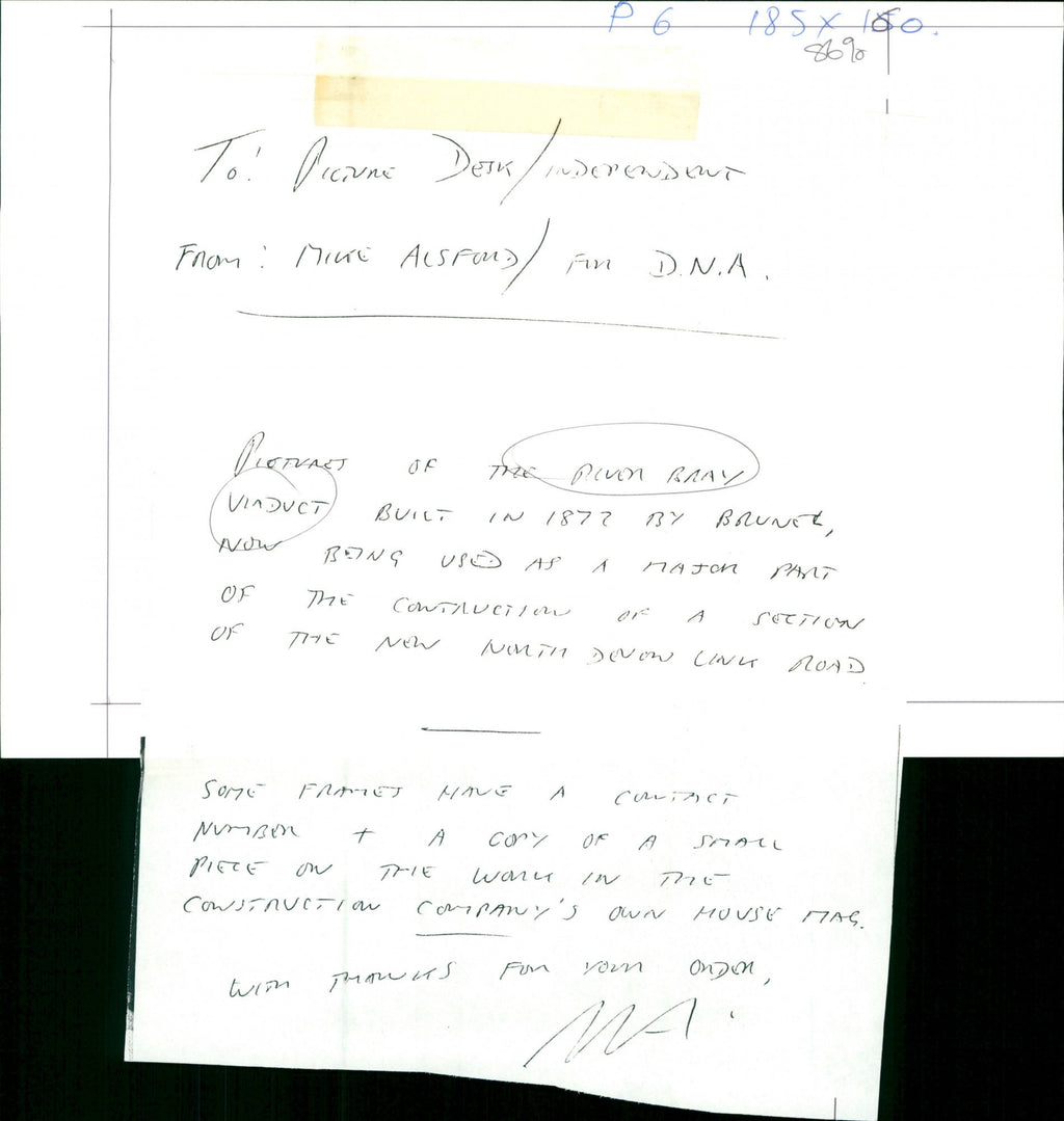 To: Picture Desk / Independent. From Mike Alsford / For D.N.A., Pictures of the River Bray Viaduct built in 1872 by Brunel, now being used as a major part of the construction of a section of the new North Devon Link Road. Some frames have a contact number & a copy of a small piece on the work in the construction company's own house mag. With thanks for your order, MA.
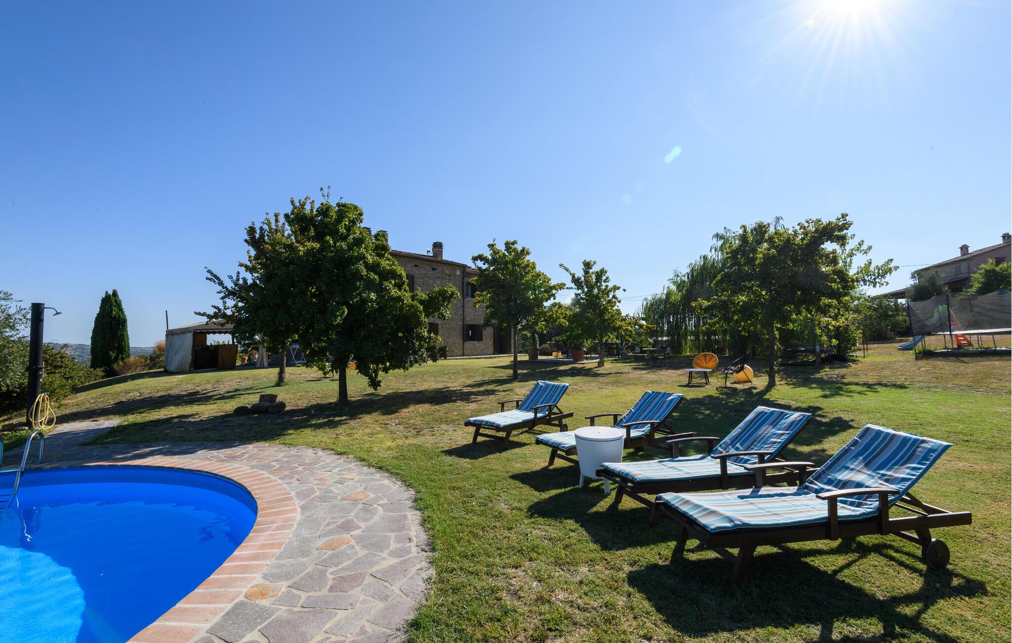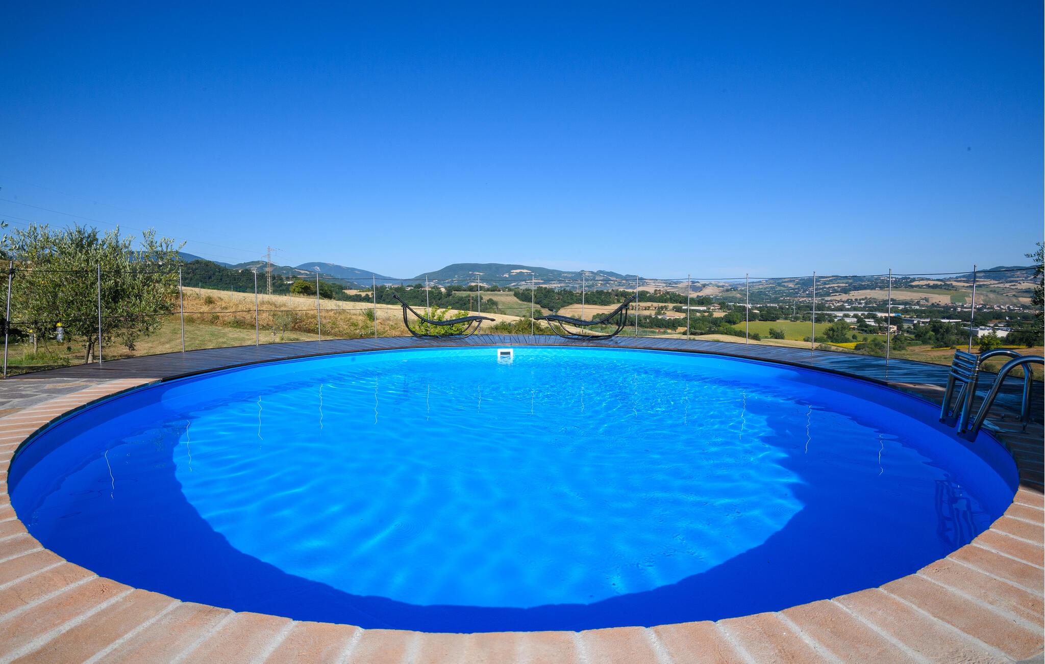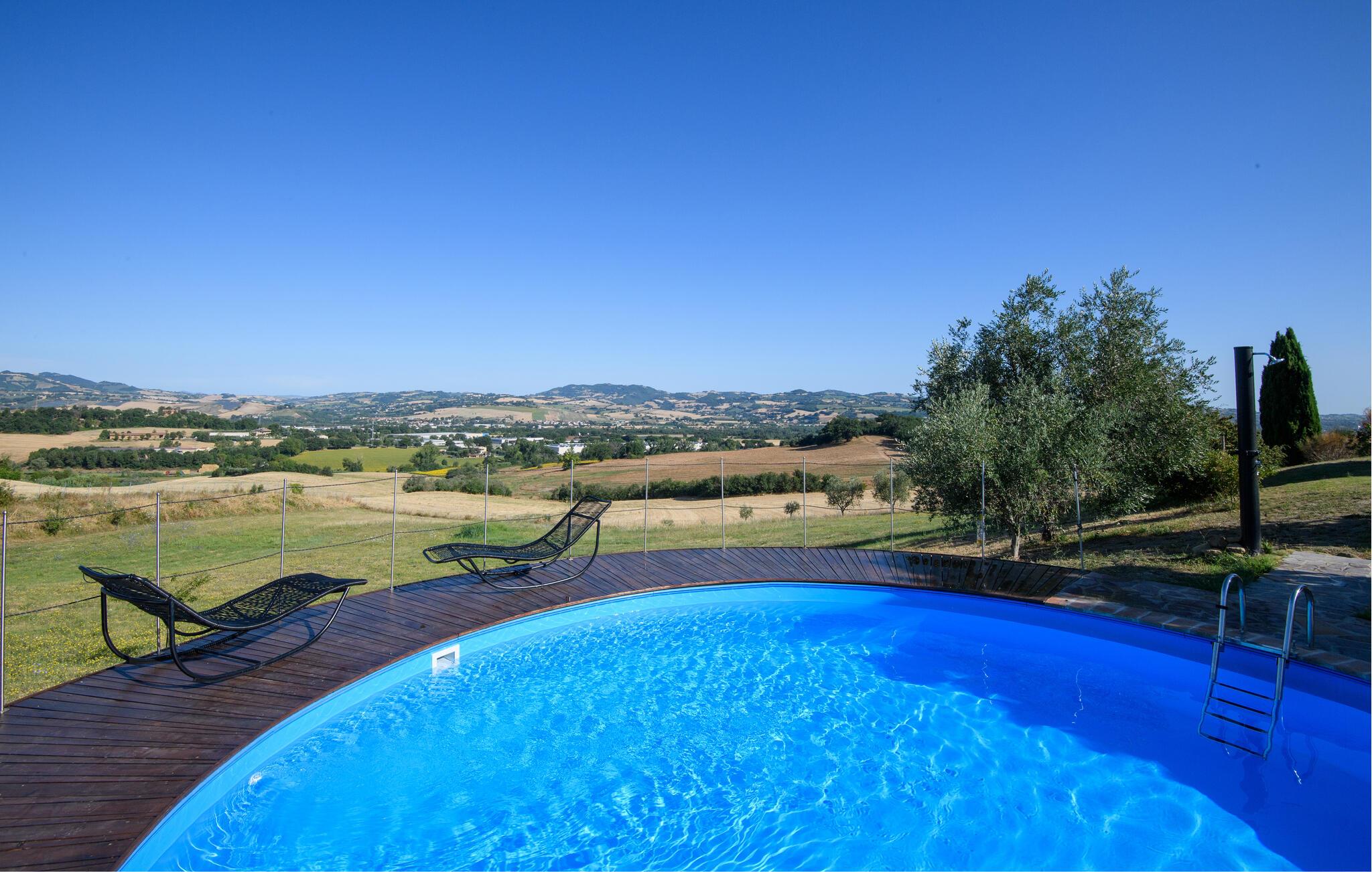 Slap af i denne charmerende ferielejlighed med have, pool og malerisk udsigt over Marche-bakkerne.
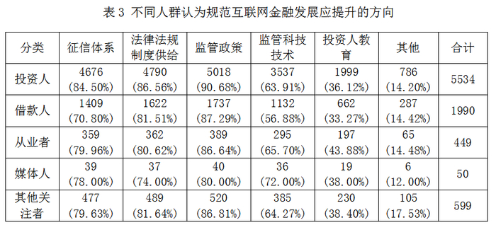 针对互联网金融行业有待改进之处的问题,绝大多数受访者都认为在监管政策、法律法规制度供给和征信体系等方面的建设应进一步完善。其中,投资人与借款人对于监管政策方面的完善反应最为强烈,人数占比分别为90.68%和87.29%。( 见表3) 此外,43.88%的从业者认为投资人教育也亟待改善,比平均水平高出8.38个百分点,而媒体人则更加关注监管科技技术的进步。投资人与借款人作为互联网金融最直接的参与者,更加重视信用风险与欺诈风险对其相关利益的损害可能性。因此,此类人群希望通过完善相关法律法规与征信体系建设、加强监管等手段,降低风险爆发的可能性,保护互联网金融消费者的合法权益。
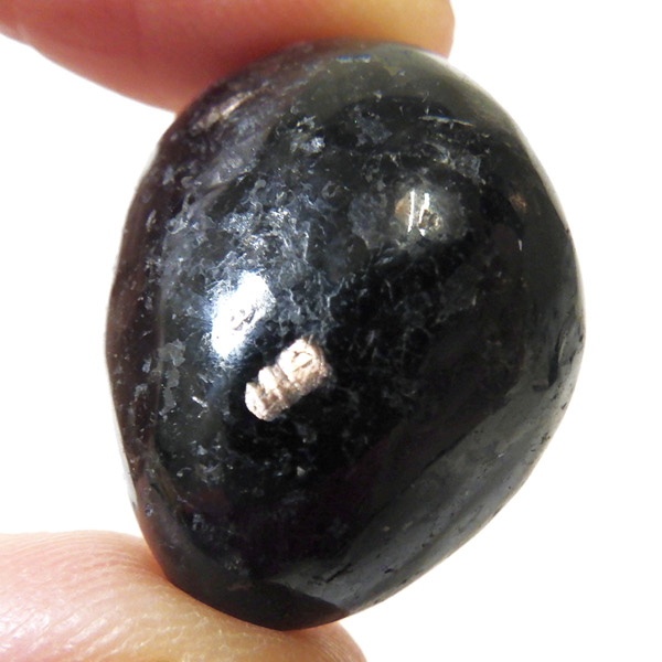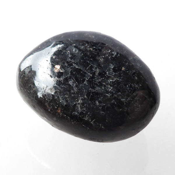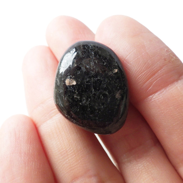 チャイナ産のヌーマイト、タンブルです。ヌーマイトは、1982年にグリーンランドのヌーク地方で発見され、地名に因んで名づけられました。ヌーマイト自体は30億年前から地球に存在したといわれる石で、気の遠くなるような年月を経て現代に現れた石だといわれています。和名は角閃石片麻岩。アンソフィライトやゲドライト、石英、など多様なミネラルを含んだ変成岩といわれています。チャイナ産のヌーマイトは一見、真っ黒い石に見えますが、光の角度によって鮮やかなブロンズやシルバーの閃光を示します。
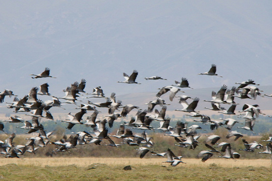 (英国bet365网址讯)9月20日,昭苏县林业局野生动物疫源疫病监测站的技术人员,在昭苏县解放桥以西灯塔候鸟栖息地内发现成群的灰鹤,数量达到上千只,这是今年昭苏县境内发现的第一批成群越冬候鸟。
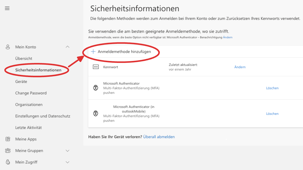 - Gehen Sie in Ihrem Konto auf Sicherheitsinformationen und anschliessend auf Methode hinzufügen.
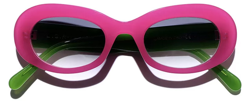 The L.G.R glasses have a Bubble Gum Pink / Lime Green frame and Grey Gradient lenses.
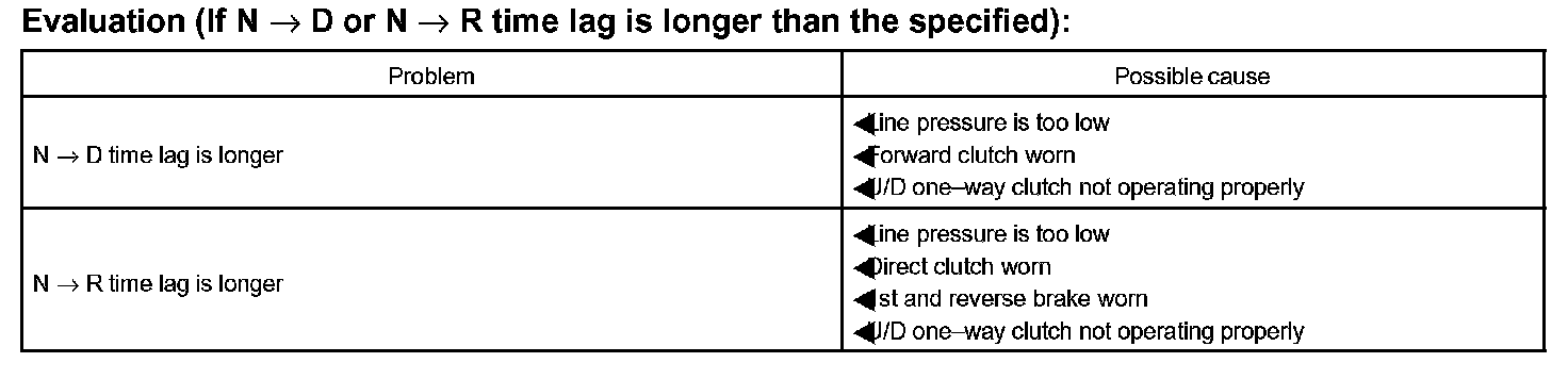 1. When the shift lever is shifted while the engine is idling, there will be a certain time lapse or lag before the shock can be felt. This is used for checking the condition of the direct clutch, forward clutch, and 1st and reverse brake.
....
§ **WHAT YOU HAVE TO DO**:
Aside from the pictures, repeat the listing exactly.

§ **EXERCISE ANSWER**:
 To: Picture Desk / Independent. From Mike Alsford / For D.N.A., Pictures of the River Bray Viaduct built in 1872 by Brunel, now being used as a major part of the construction of a section of the new North Devon Link Road. Some frames have a contact number & a copy of a small piece on the work in the construction company's own house mag. With thanks for your order, MA.
 Slap af i denne charmerende ferielejlighed med have, pool og malerisk udsigt over Marche-bakkerne.
 针对互联网金融行业有待改进之处的问题,绝大多数受访者都认为在监管政策、法律法规制度供给和征信体系等方面的建设应进一步完善。其中,投资人与借款人对于监管政策方面的完善反应最为强烈,人数占比分别为90.68%和87.29%。( 见表3) 此外,43.88%的从业者认为投资人教育也亟待改善,比平均水平高出8.38个百分点,而媒体人则更加关注监管科技技术的进步。投资人与借款人作为互联网金融最直接的参与者,更加重视信用风险与欺诈风险对其相关利益的损害可能性。因此,此类人群希望通过完善相关法律法规与征信体系建设、加强监管等手段,降低风险爆发的可能性,保护互联网金融消费者的合法权益。
 チャイナ産のヌーマイト、タンブルです。ヌーマイトは、1982年にグリーンランドのヌーク地方で発見され、地名に因んで名づけられました。ヌーマイト自体は30億年前から地球に存在したといわれる石で、気の遠くなるような年月を経て現代に現れた石だといわれています。和名は角閃石片麻岩。アンソフィライトやゲドライト、石英、など多様なミネラルを含んだ変成岩といわれています。チャイナ産のヌーマイトは一見、真っ黒い石に見えますが、光の角度によって鮮やかなブロンズやシルバーの閃光を示します。
 (英国bet365网址讯)9月20日,昭苏县林业局野生动物疫源疫病监测站的技术人员,在昭苏县解放桥以西灯塔候鸟栖息地内发现成群的灰鹤,数量达到上千只,这是今年昭苏县境内发现的第一批成群越冬候鸟。
 - Gehen Sie in Ihrem Konto auf Sicherheitsinformationen und anschliessend auf Methode hinzufügen.
 The L.G.R glasses have a Bubble Gum Pink / Lime Green frame and Grey Gradient lenses.
 1. When the shift lever is shifted while the engine is idling, there will be a certain time lapse or lag before the shock can be felt. This is used for checking the condition of the direct clutch, forward clutch, and 1st and reverse brake.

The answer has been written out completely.